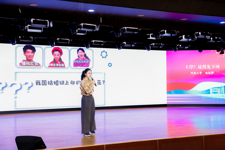 “最近我下定决心要考公了。为了提前预习我‘光明的畴昔’,我加了几位依然上岸的学长师姐,千里浸式备考,戒指……”这位胜利在台上讲起脱口秀的后生,是来自同济大学法学院的“05后”学生陈锐洢。
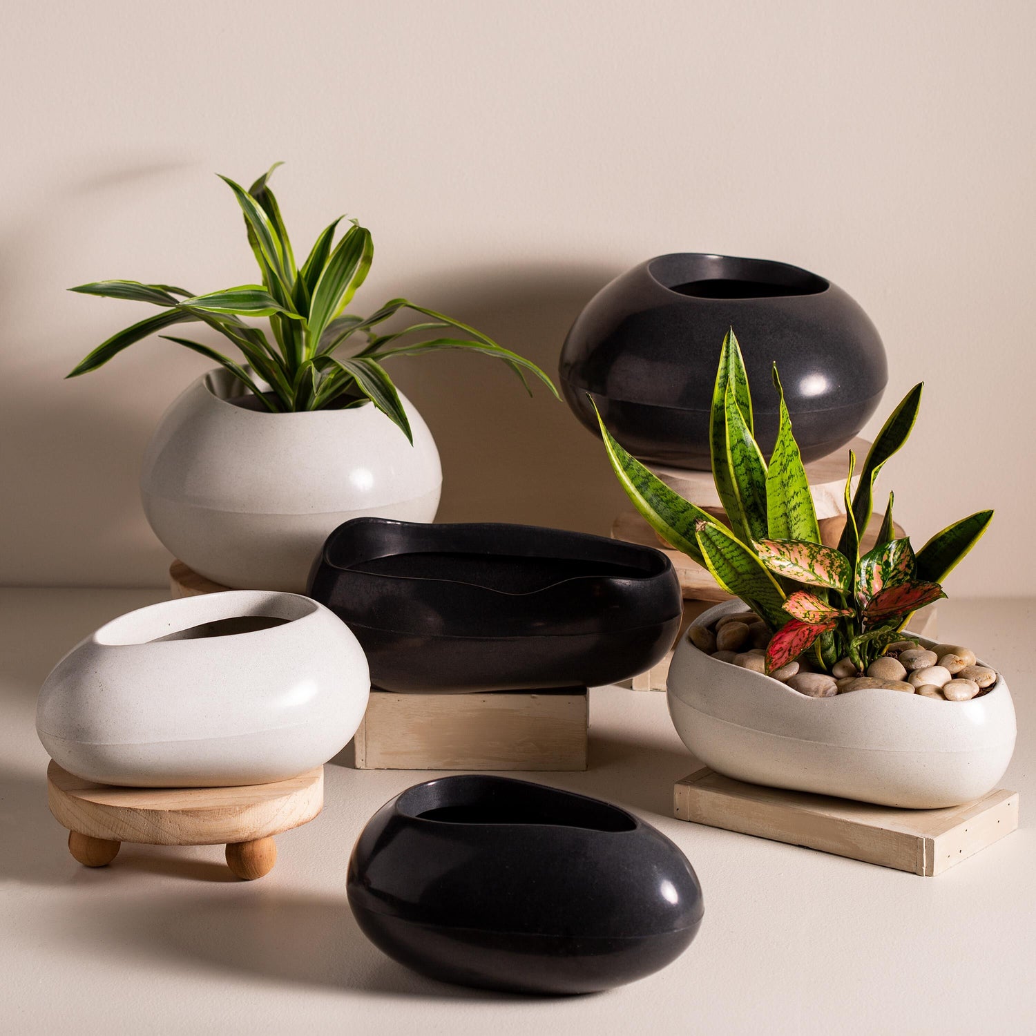- The first of their kind, Brazilian artisans retro mold these unique planters into organic shapes inspired by the look of smooth river stones for an all-weather planter that is 100% recyclable
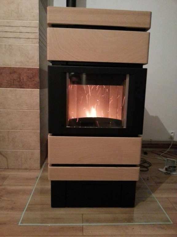 Interiérový kotol VARIO AquaObklad pieskovec. Tzv. kotolňa v obývačke. Rodinný dom cca 180 m2 . Kotol VARIO Aqua zabezpečuje teplú užitkovú vodu + podlahové kúrenie (palivo kombinácia drevo-pelety). Vytvára dva samostatné okruhy.
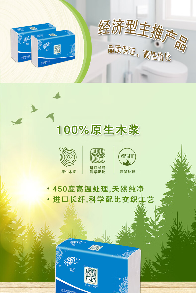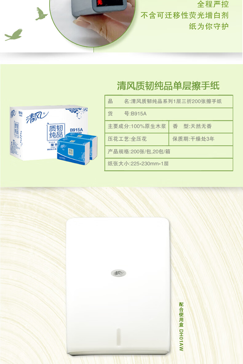 家庭清洁/纸品  > 清洁纸品  > 抽纸  >  清风  >  清风三折压花擦手纸200张*20包 商用酒店办公纸巾整箱批发B915A B915A/箱
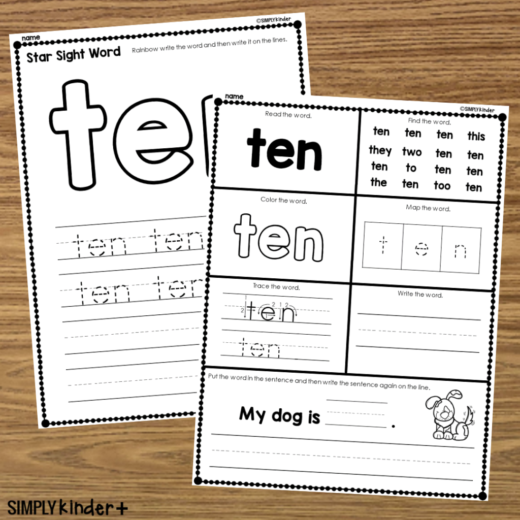 Ten Sight Word Printable Activities Simply Kinder Plus
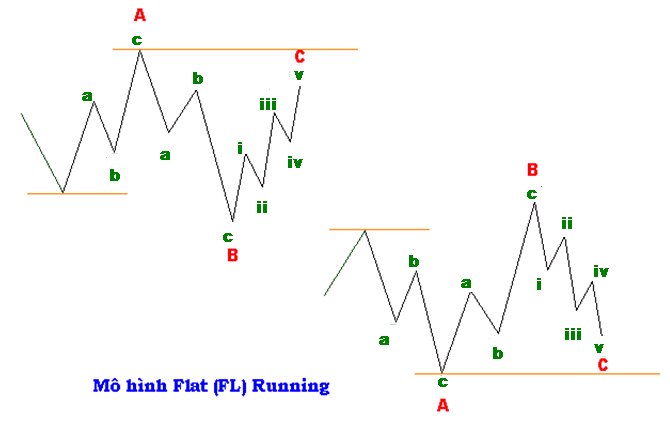 Với mô hình Flat Running thì điểm cuối của sóng C không vượt qua điểm cuối của sóng A. Điều này thể hiện sức mạnh của xu hướng chính.
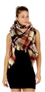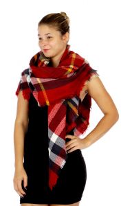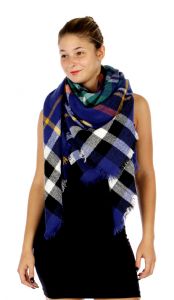 O06D Colorful Plaid Woven Blanket Scarf CH4
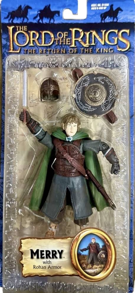 Toy Biz continued the new small card packaged figures from Return of the King with a new 2nd wave of four more figures. Unlike the previous wave, these figures were brand new and had never been seen before. Featured were Faramir in Gondorian Armor, King of the Dead, Merry in Rohan Armor and the Morgul Lord Witch-King.
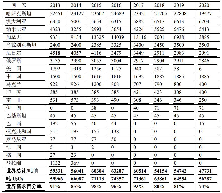 2020年世界上最大的鈾生產(chǎn)國仍然是哈薩克斯坦(占世界總產(chǎn)量的19477/47731=40.8%)、澳大利亞(6203/47731=13.0%)和納米比亞(5413/47731=12.0%)等這3個(gè)國家占全球總產(chǎn)量的65.8%;其他還有加拿大(8.1%)、烏茲別克斯坦(7.3%)、尼日爾(6.3%)和俄羅斯(6.0%)。
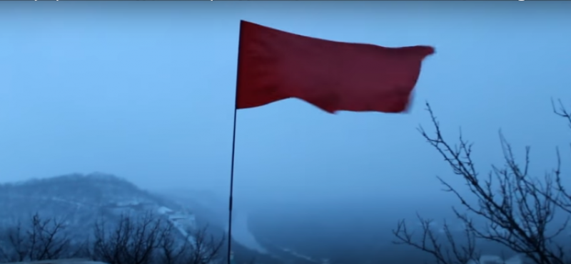 Красный стяг Победы, столь ненавистный бандеровскому режиму, символизируя непокорность Донбасса, гордо развевается на белом зимнем фоне.
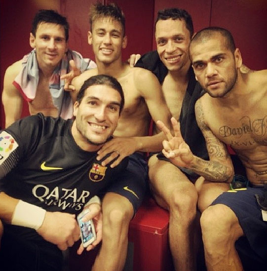 Seperti dilansir soccerly.com, Messi memposting foto di akun sosial media miliknya usai meraih kemenangan 2-1 dari Real Madrid di El Clasico. Dalam foto tersebut tampak Jose Pinto yang mengenakan seragam lengkap, Lionel Messi, Neymar, Dani Alves yang tak mengenakan atasan dan Adriano yang belum sempat mengenakan pakaian.
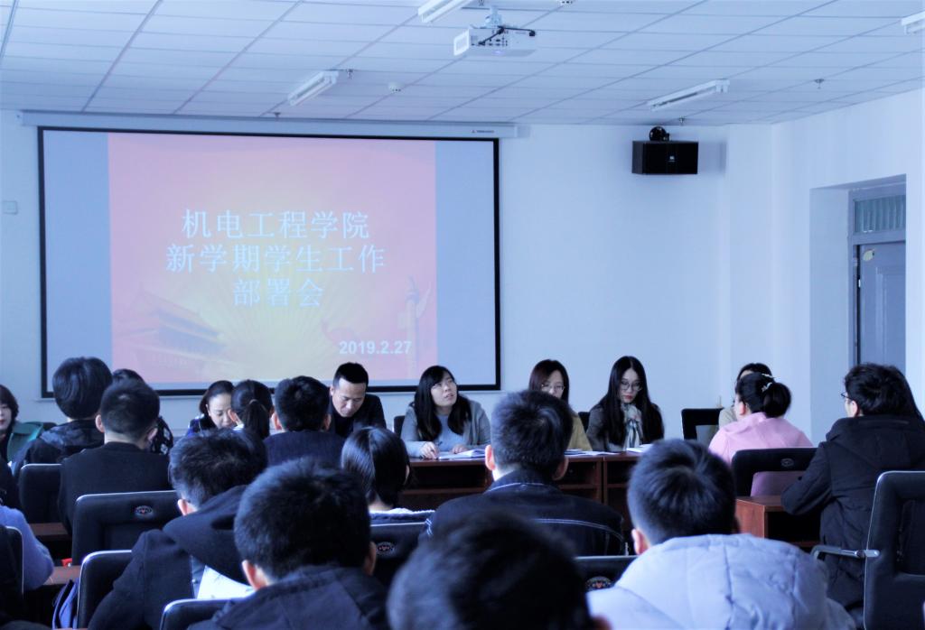 新学期工作部署会于2019年2月27日下午2时在科学楼812教室举行。会议由团委书记李晶晶主持,党委副书记刘光出席了此次会议,学生科科长张丽花及全体辅导员、团委、学生会、科协及其他服务组织全体干部也参与其中。

────────

EXERCISE
All lines from the start of the entries through the one with "Красный стяг Победы, столь" are to be output exactly; omit the pictures.

OUTPUT OF THE TASK
 “最近我下定决心要考公了。为了提前预习我‘光明的畴昔’,我加了几位依然上岸的学长师姐,千里浸式备考,戒指……”这位胜利在台上讲起脱口秀的后生,是来自同济大学法学院的“05后”学生陈锐洢。
- The first of their kind, Brazilian artisans retro mold these unique planters into organic shapes inspired by the look of smooth river stones for an all-weather planter that is 100% recyclable
 Interiérový kotol VARIO AquaObklad pieskovec. Tzv. kotolňa v obývačke. Rodinný dom cca 180 m2 . Kotol VARIO Aqua zabezpečuje teplú užitkovú vodu + podlahové kúrenie (palivo kombinácia drevo-pelety). Vytvára dva samostatné okruhy.
 家庭清洁/纸品  > 清洁纸品  > 抽纸  >  清风  >  清风三折压花擦手纸200张*20包 商用酒店办公纸巾整箱批发B915A B915A/箱
 Ten Sight Word Printable Activities Simply Kinder Plus
 Với mô hình Flat Running thì điểm cuối của sóng C không vượt qua điểm cuối của sóng A. Điều này thể hiện sức mạnh của xu hướng chính.
 O06D Colorful Plaid Woven Blanket Scarf CH4
 Toy Biz continued the new small card packaged figures from Return of the King with a new 2nd wave of four more figures. Unlike the previous wave, these figures were brand new and had never been seen before. Featured were Faramir in Gondorian Armor, King of the Dead, Merry in Rohan Armor and the Morgul Lord Witch-King.
 2020年世界上最大的鈾生產(chǎn)國仍然是哈薩克斯坦(占世界總產(chǎn)量的19477/47731=40.8%)、澳大利亞(6203/47731=13.0%)和納米比亞(5413/47731=12.0%)等這3個(gè)國家占全球總產(chǎn)量的65.8%;其他還有加拿大(8.1%)、烏茲別克斯坦(7.3%)、尼日爾(6.3%)和俄羅斯(6.0%)。
 Красный стяг Победы, столь ненавистный бандеровскому режиму, символизируя непокорность Донбасса, гордо развевается на белом зимнем фоне.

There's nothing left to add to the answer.